Смотрю вниз. На мне униформа — белый фартук поверх темно-синего платья. Этот фартук больше не белый. Ни окружающая ткань. Я могла бы возразить, что он не из тех, кто может судить — я уже вижу чернильные пятна на его воротнике, но я подозреваю, что в этих отношениях недопустимы возражения.
Я выдаю:
— Я не в себе, сэр.
— Я заметил.
Я делаю глубокий вдох и принимаю решение. Рискованное.
— Моя память, кажется, пострадала из-за моего недомогания и я изо всех сил пытаюсь вспомнить мирские и обыденные задачи.
Он смотрит на меня так, словно я говорю по-гречески. Я повторяю свои слова, но с ними, вроде бы, все отлично. Подходяще высокопарно и старомодно. Может это мой акцент? Он сильнее, чем его.

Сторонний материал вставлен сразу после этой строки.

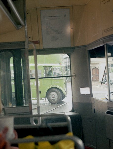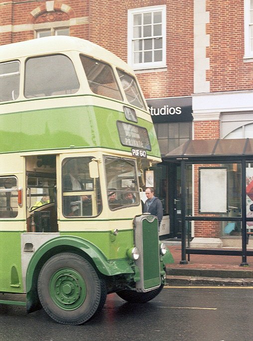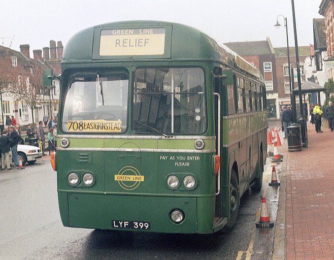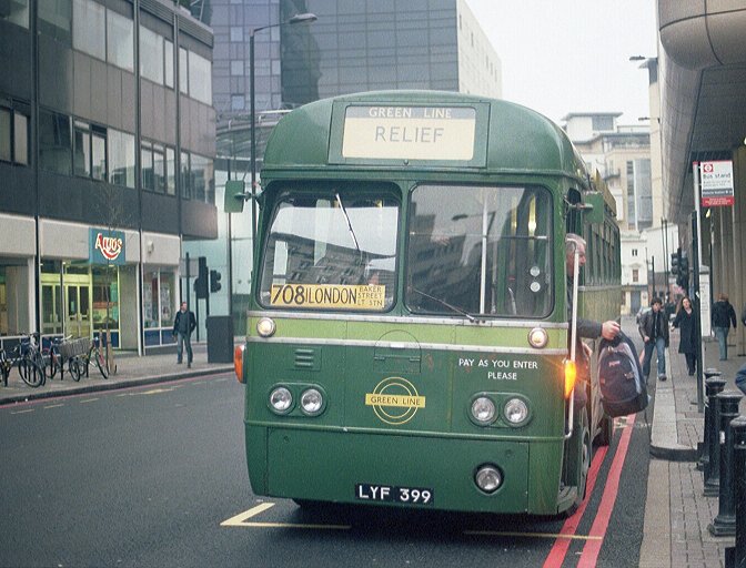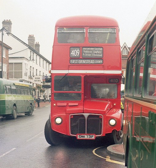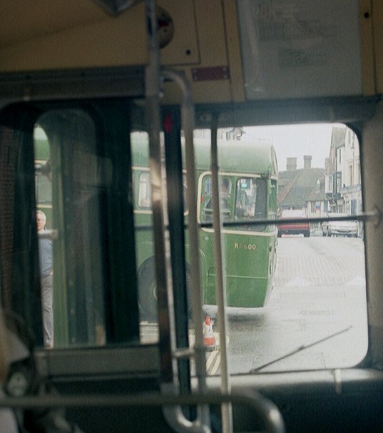 I made myself comfortable, with a view out the front. RT604 emerged ahead, coming from King Street to load for its 409 return trip to West Croydon. It was followed by RF600, also gingerly nosing out onto the main street. Then RM1033 came up the street and past us. That reminded me that I had not been to the visiting buses park off King Street. I had seen RF19 and the Alder Valley National in passing, but had not been to browse. Too late now!
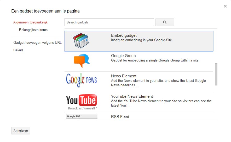 We willen nu een paar mediabestanden toevoegen: schakel over naar de paginabewerkingsmodus. Klik in de eerste tabel, kies Invoegen en selecteer Meer gadgets… / Algemeen toegankelijk, waarna je Embed gadget aanklikt (hier staan trouwens allerlei handige gadgets zoals Datum en tijd en RSS Feed).
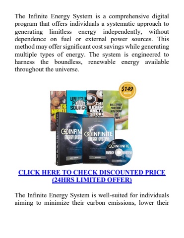 The Infinite Energy System is a comprehensive digital program that offers individuals a systematic approach to generating limitless energy independently, without dependence on fuel or external power sources. This method may offer significant cost savings while generating multiple types of energy. The system is engineered to harness the boundless, renewable energy available throughout the universe.CLICK HERE TO CHECK DISCOUNTED PRICE (24HRS LIMITED OFFER)The Infinite Energy System is well-suited for individuals aiming to minimize their carbon emissions, lower their
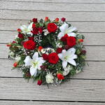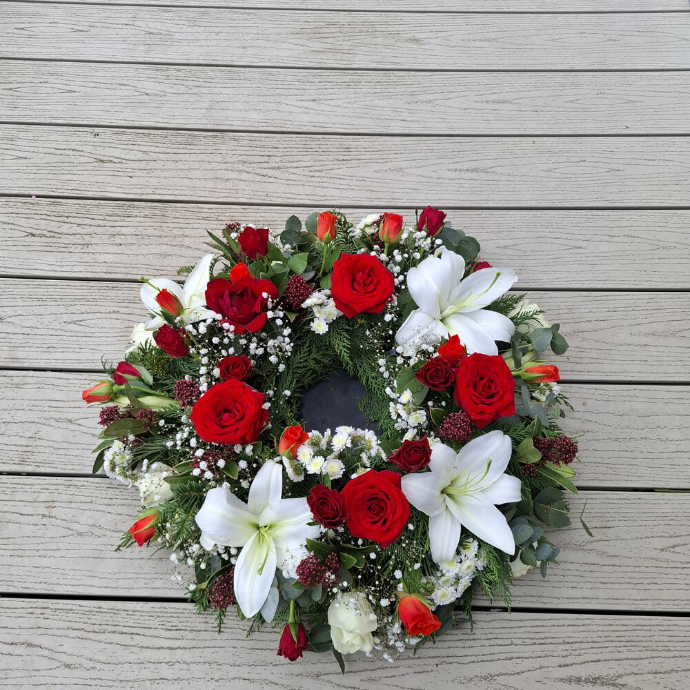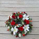 rose red - 15 шт. lily white - 4 шт. orange rose - 9 шт. gypsophila white - 4 шт. eucalyptus leaves - 7 шт. суміш зелені - 15 шт. червона троянда-велика - 5 шт. вінок 12" основне кільце - 1 шт.
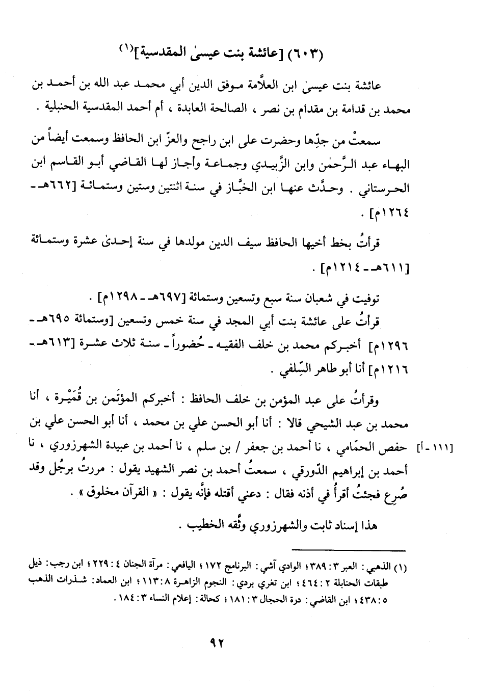 عَائِشَةُ بِنْتُ عِيسَى ابْنِ الْعَلامَةِ مُوَفَّقِ الدِّينِ أَبِي مُحَمَّدٍ عَبْدِ اللَّهِ بْنِ أَحْمَدَ بْنِ مُحَمَّدِ بْنِ قُدَامَةَ بْنِ مِقْدَامِ بْنِ نَصْرٍ الصَّالِحَةُ الْعَابِدَةُ أُمُّ أَحْمَدَ الْمَقْدِسِيَّةُ الْحَنْبَلِيَّةُ

— Я понимаю, что это неподобающе с моей стороны, стороны простой горничной, — говорю я, — но я вынуждена смиренно просить вас о терпении.
Еще больше морщин на лбу, теперь сопровождаемые чем-то вроде подозрения.
Я тороплюсь:
— Я не пытаюсь юлить, я не прошу, чтобы меня освободили от моих обязанностей, сэр. Я понимаю, что мое выздоровление доставило неудобства, нарушив бесперебойную работу вашего дома. Я просто допускаю, что время от времени мне может понадобиться напоминание о моих обязанностях, которые я выполню незамедлительно.
— Незамедлительно… — медленно повторяет он.
Разве это не подходящее слово? Звучит правильно.
Я продолжаю:
— Оперативно и эффективно, с тем усердием, которого вы ожидаете от своих сотрудников.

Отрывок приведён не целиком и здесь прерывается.